[Work item] All lines from the one containing "The Canon imageCLASS" through the end of the data below are to be repeated exactly, with pictures left out.

[Given records]
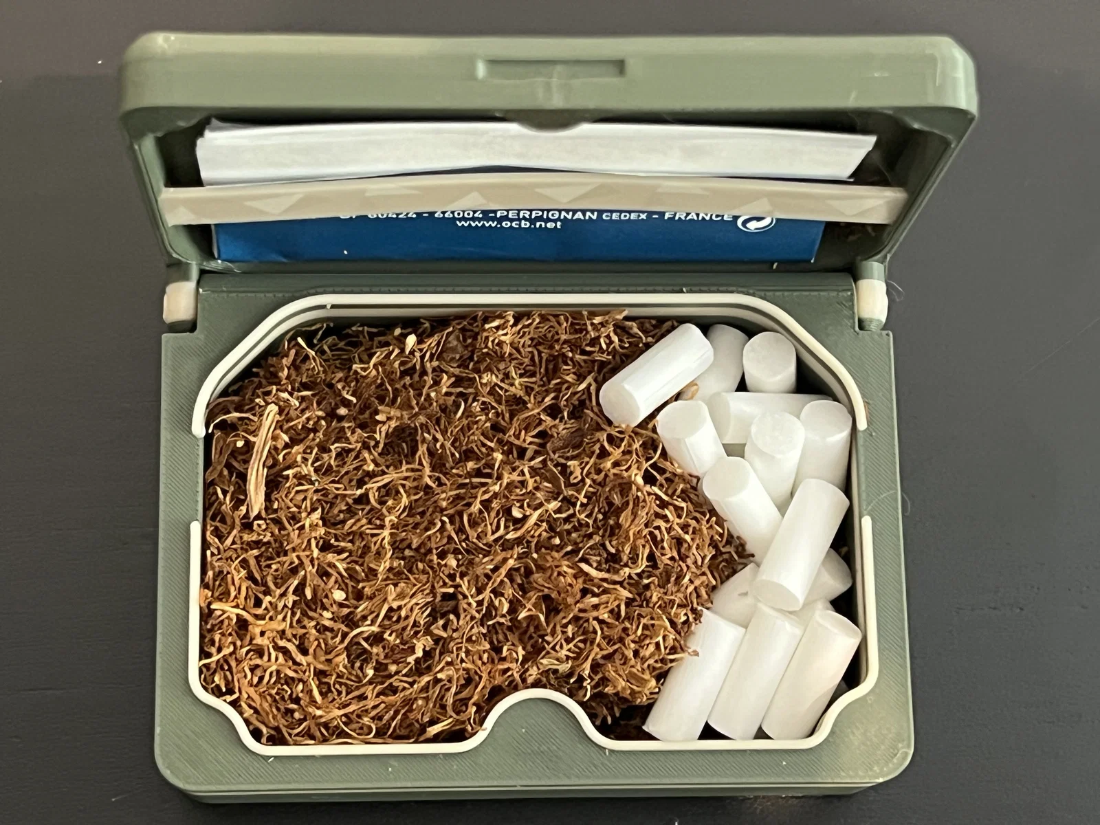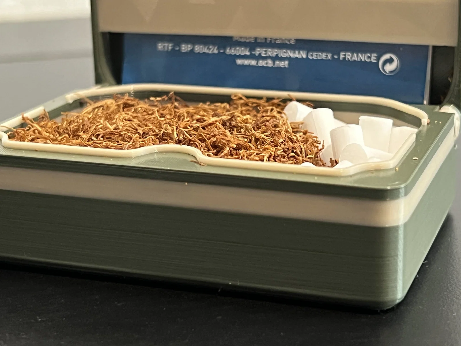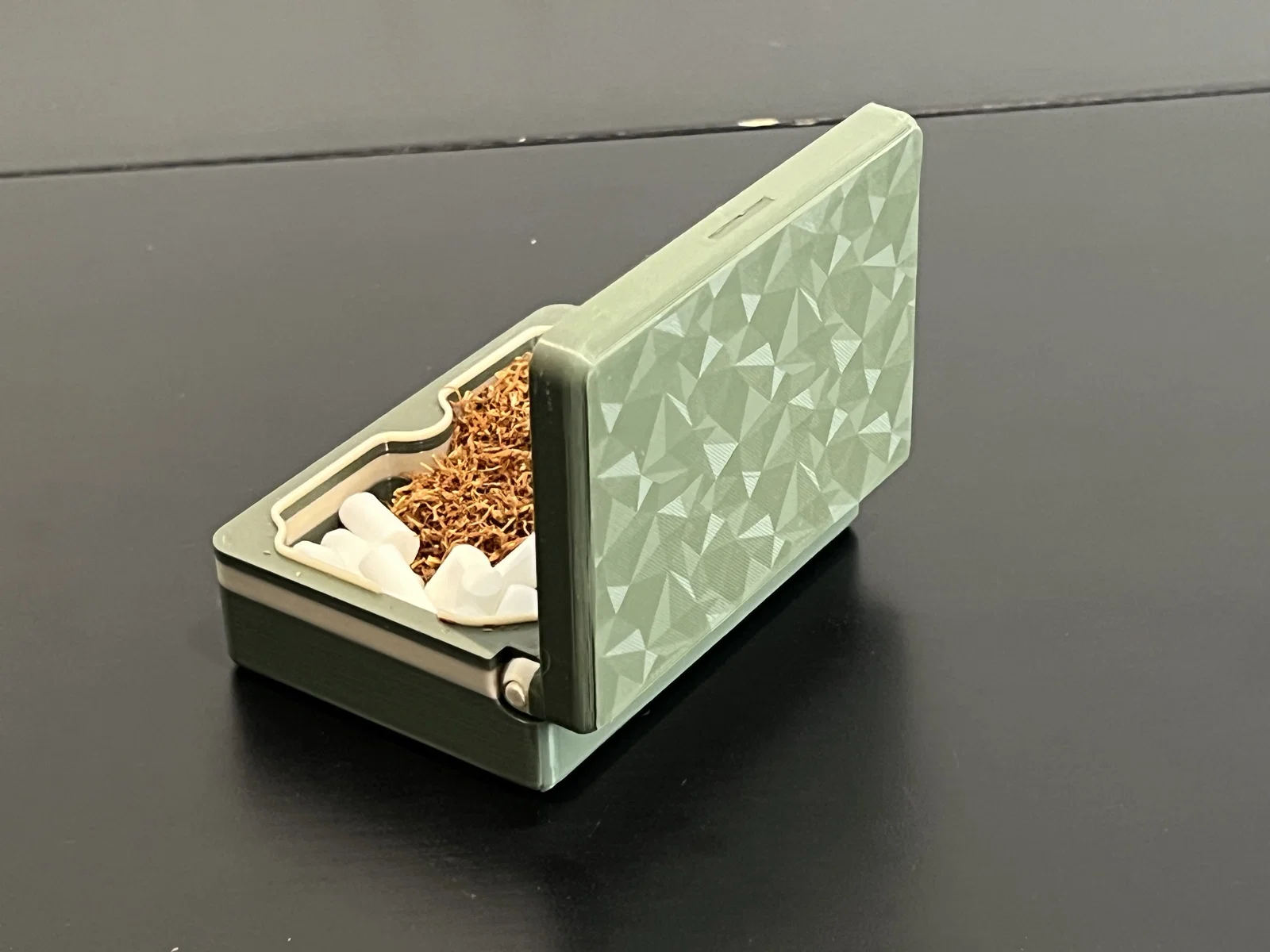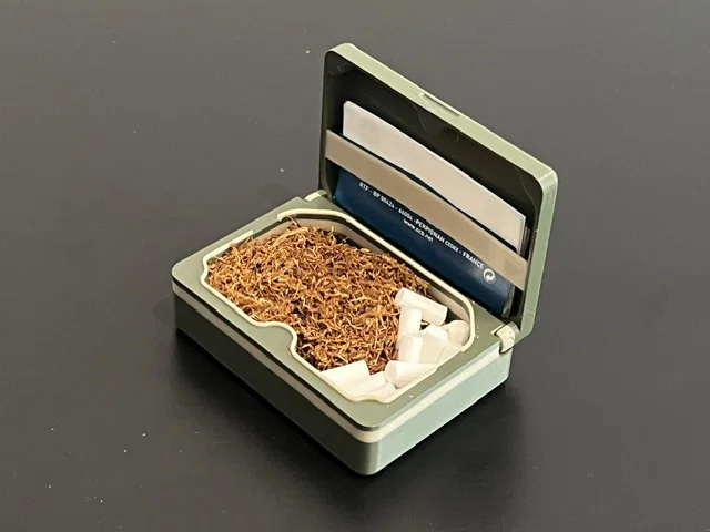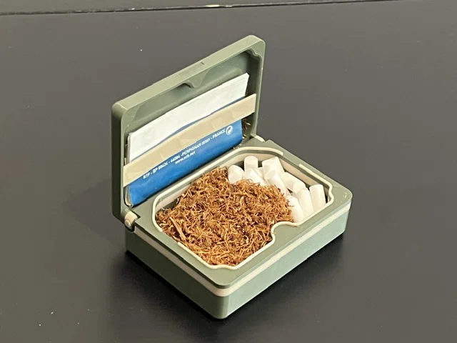 Hộp thuốc lá nhỏ gọn để mang theo đồ cuốn, thiết kế nhiều phần ráp khít không cần keo. Khóa bằng 6 nam châm 6x3mm, có lò xo giữ giấy. Không cần AMS; có điểm pause để đổi filament và gắn nam châm.
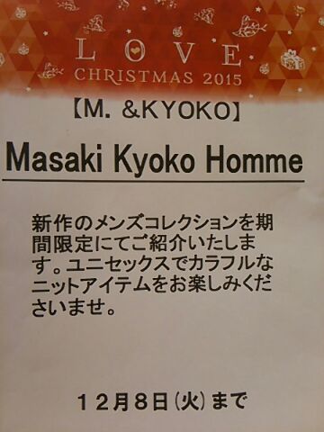 小田急店では恒例となります、Masaki Kyoko Homme コレクションを
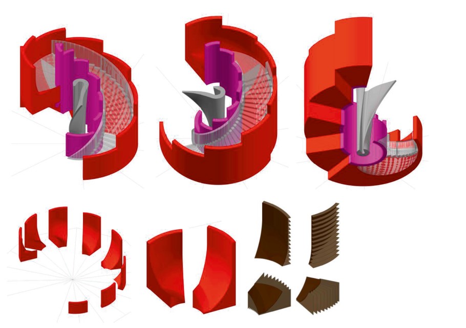 First, the engineers in Haiterbach split the 3-D model of the staircase into eight separate units, then worked out an exact pour plan for each.
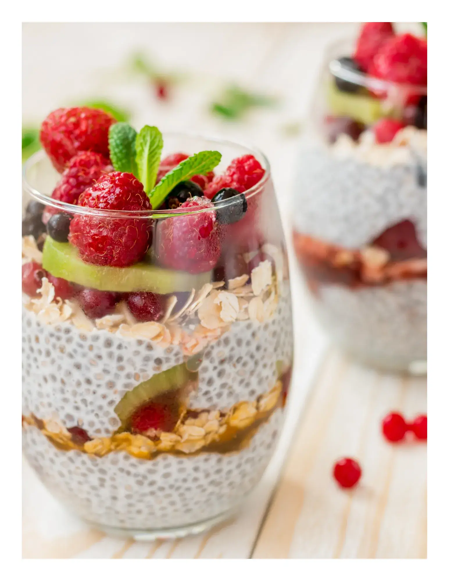 Opcional: blueberries, hojas de menta, raspberry, kiwi
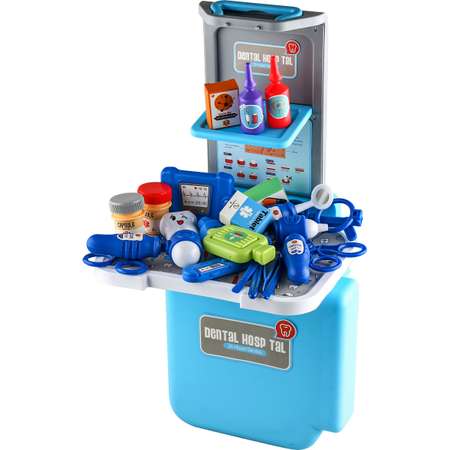 Перед вами игровой набор доктора "Кабинет стоматолога" , который с лёгкостью собирается из чемоданчика до большого смотрового стола. У набора есть 2 положения сборки - высокий стол и компактный размер, который необходимо устанавливать на подставку и можно использовать в любом удобном месте. Кроме того, весь набор трансформируется в чемодан с ручкой, что делает его хранение более компактным и обеспечивает простую транспортировку.
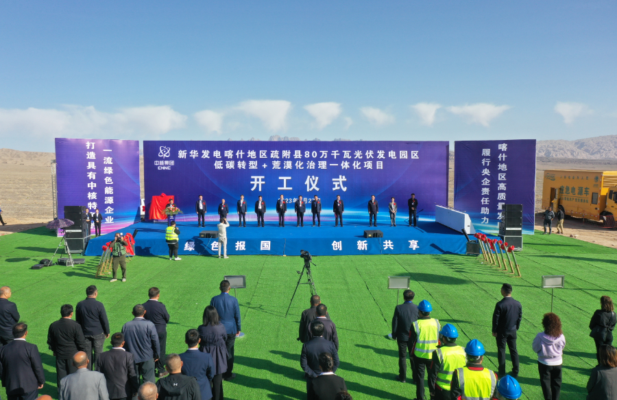 9月27日,总投资37.5亿元的新华发电疏附县80万千瓦光伏发电园区低碳转型+荒漠化治理一体化项目在疏附县木什乡光伏发电基地开工。
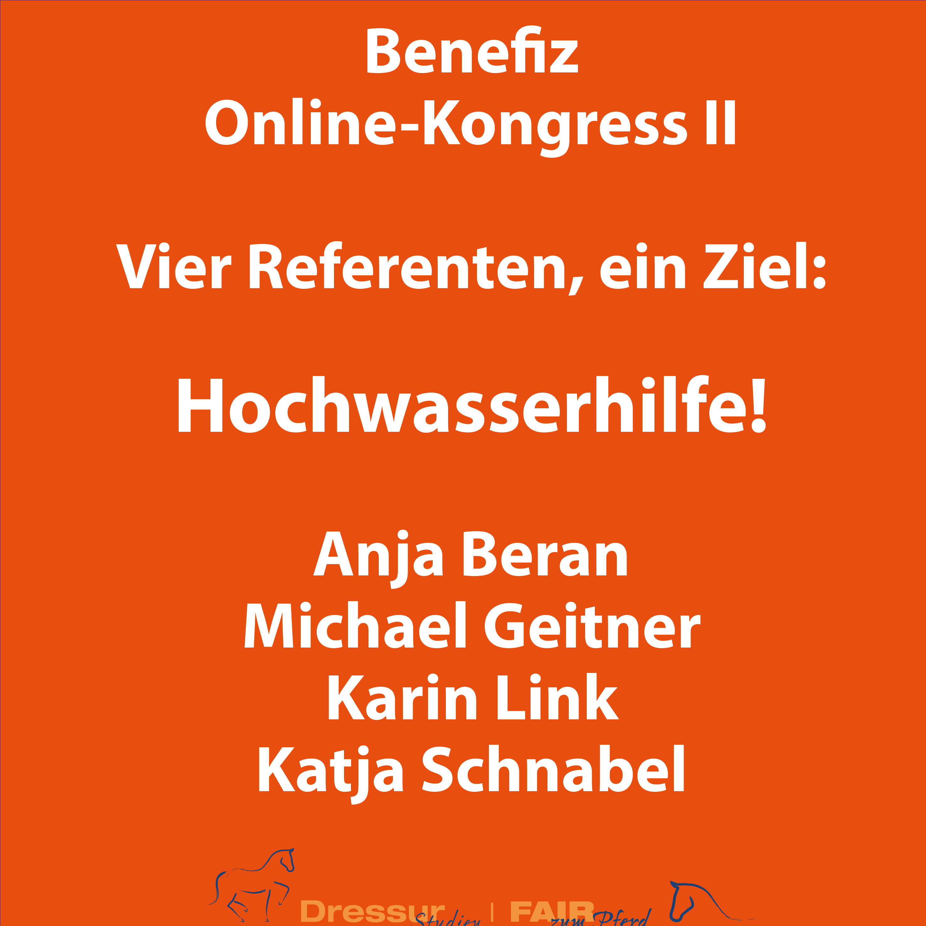 Die Flutkatstrophe im Juli 2021 hat weite Landstriche verwüstet. Tierbesitzer in Teilen Nordrhein-Westfalens und in Rheinland-Pfalz sind voraussichtlich noch bis zur Ernte 2022 auf Hilfe angewiesen. Nachdem wir im August durch unseren ersten Benefiz Online-Kongress schon 5.000 Euro an Equiwent überwiesen haben, wollen wir nun noch ein weiteres Mal helfen. Von jedem Ticket gehen 15 Euro an Equiwent. Die Hilfsorganisation versorgt die betroffenen Tierbesitzer mit Futter und anderem Material, das benötigt wird.
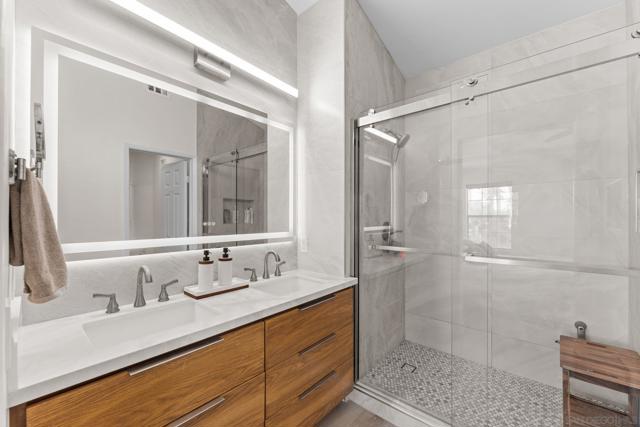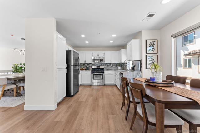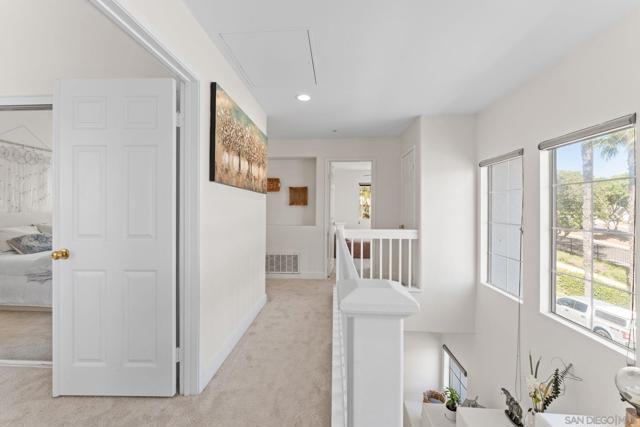 Welcome to this 3-bedroom, 2.5-bath corner townhome in the highly desirable Wateridge community of Sorrento Valley. Ideally positioned with only one shared wall and unobstructed surroundings, this home offers a rare sense of privacy along with a great balance of natural light throughout the day. This home has also undergone extensive renovations and upgrades, including a remodeled kitchen with quartz countertops, painted cabinetry, and recessed lighting, along with updated bathrooms featuring designer finishes, LED mirrors, and new vanities. Additional improvements include new LVP flooring, new carpet, updated closets with soft-close drawers, newer fans, and a newer water heater creating a clean, modern, move-in ready feel. Enjoy convenient access to the community pool just steps away, along with resort-style amenities including tennis courts, sand volleyball, greenbelt areas, and walking paths, perfect for an active and family friendly lifestyle. Located in the heart of Sorrento Valley, you’re just minutes from major tech and biotech hubs, UCSD, and some of San Diego’s best beaches. With easy access to I-5 and I-805, commuting is seamless.
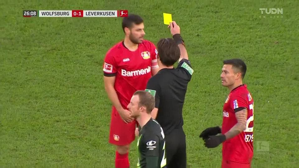 Tarjeta amarilla. El árbitro amonesta a Kevin Volland de Bayer 04 Leverkusen
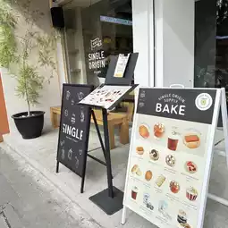 Single Origin Store, a coffee shop with very good coffee and a great location, right at Thapae Gate. You can see the city gate and the red cars, the symbol of Chiang Mai, running through and lined up on the side of the road.
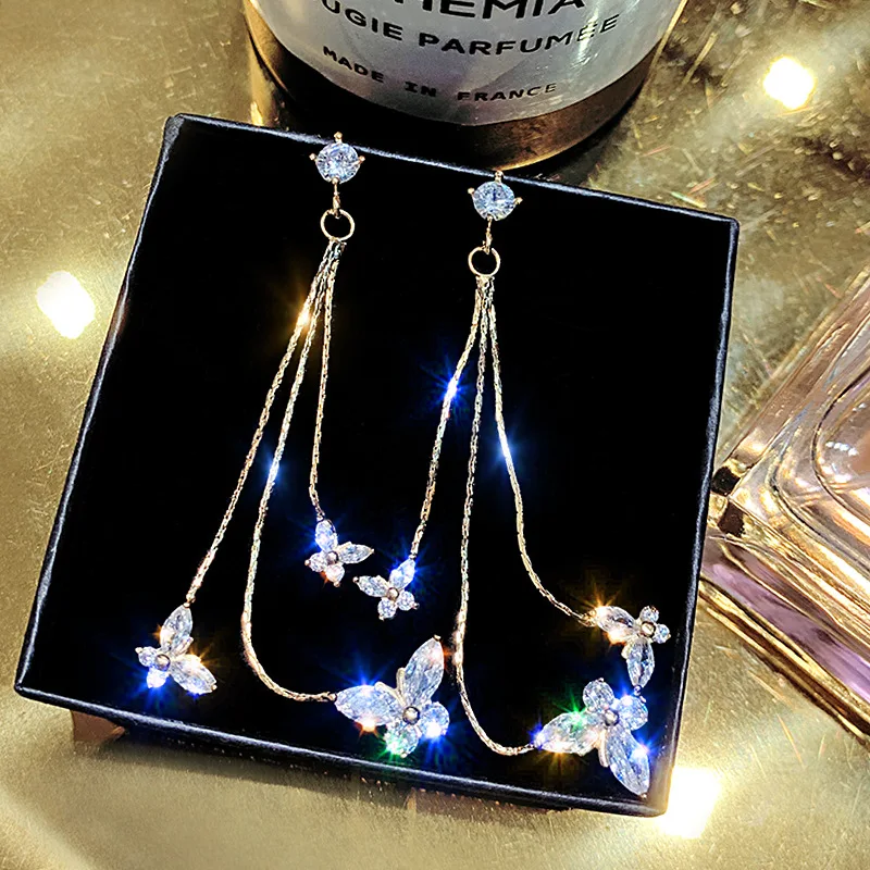 Длинные висячие серьги-бабочки, 3 цвета, 2020, модные висячие серьги с цирконием, три бабочки, женские серьги, летнее ювелирное украшение, подарок для девочек
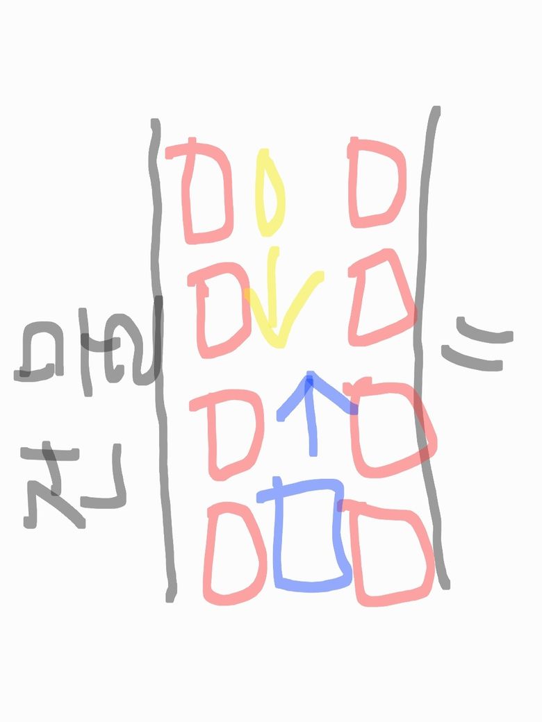양 옆에 건물들이 있고 그 앞으로 줄 지어서 갓길 주차(빨간색)가 되어 있는 좁은 폭의 도로에서 제 차(파란색)는 서행 중이었고 배달 오토바이(노란색)는 맞은편에서 제 차 쪽으로 주행 중이었습니다.
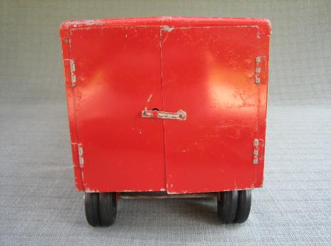 The rear door latch bar on this truck still has remnants of red paint attached to it. Most Minnitoy rear door latch bars were left in the bare metal state.
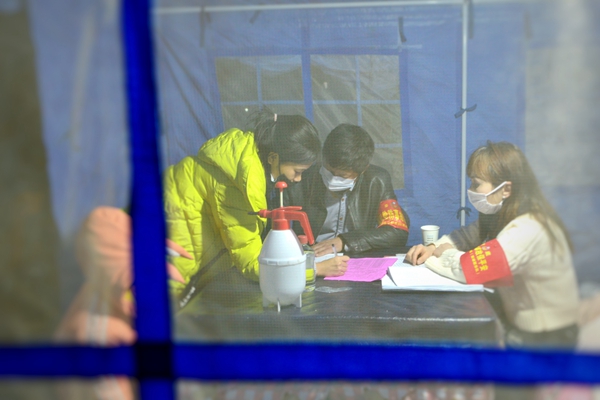 浙江省开化县的党员志愿者日夜坚守在疫情检测点上进行摸排、登记、宣传、劝导。气温骤降,但微光暖人,他们用实际行动守护群众安康。(浙江省开化县纪委监委供 汪新华 摄)
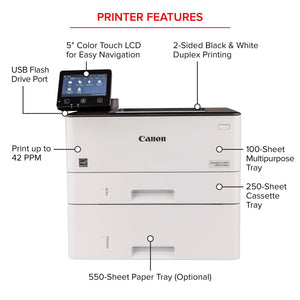 The Canon imageCLASS LBP247dw small office, wireless black-and-white laser printer produces exceptional quality outputs at fast speeds of up to 42 pages per minute, with your first print in your hands in less than 4.9 seconds.
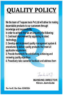 The team of T-Square Tools Pvt. Ltd. will strive for making dependable products
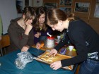 V sobotu 20. listopadu jsme se sešly k příležitosti pořádání několikátého ročníku Zlaté vařečky a Broučka cukráře. Skautky, které spadají do kategorie Zlaté vařečky, měly za úkol uvařit bramboračku a salát – ať už sladký či slaný. Světlušky (Brouček cukrář) vyráběly dortíky a tvořily z marcipánu. I přes to, že se nynější skautky účastnily Zlaté vařečky poprvé, jejich pokrmy chutnaly víc než dobře. A navíc – všechny jsme přežily! (Což je víc než dobré znamení :)) Nakonec vyhrála družinka Želv ve složení Míša, Sandra, Šmudla, Pája. Vyhrála ale i družinky Divokých fčel ve složení Áďa Hacurová, Anička, Tinky, Léňa, Zlatka a Kiki Konečná. A Broučka cukráře vyhrála Adélka Fuglíčková.
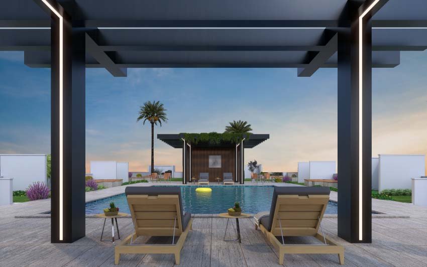 An elegant poolside deck crafted for leisure, sunbathing, and refined gatherings.

[Expected answer]
 The Canon imageCLASS LBP247dw small office, wireless black-and-white laser printer produces exceptional quality outputs at fast speeds of up to 42 pages per minute, with your first print in your hands in less than 4.9 seconds.
 The team of T-Square Tools Pvt. Ltd. will strive for making dependable products
 V sobotu 20. listopadu jsme se sešly k příležitosti pořádání několikátého ročníku Zlaté vařečky a Broučka cukráře. Skautky, které spadají do kategorie Zlaté vařečky, měly za úkol uvařit bramboračku a salát – ať už sladký či slaný. Světlušky (Brouček cukrář) vyráběly dortíky a tvořily z marcipánu. I přes to, že se nynější skautky účastnily Zlaté vařečky poprvé, jejich pokrmy chutnaly víc než dobře. A navíc – všechny jsme přežily! (Což je víc než dobré znamení :)) Nakonec vyhrála družinka Želv ve složení Míša, Sandra, Šmudla, Pája. Vyhrála ale i družinky Divokých fčel ve složení Áďa Hacurová, Anička, Tinky, Léňa, Zlatka a Kiki Konečná. A Broučka cukráře vyhrála Adélka Fuglíčková.
 An elegant poolside deck crafted for leisure, sunbathing, and refined gatherings.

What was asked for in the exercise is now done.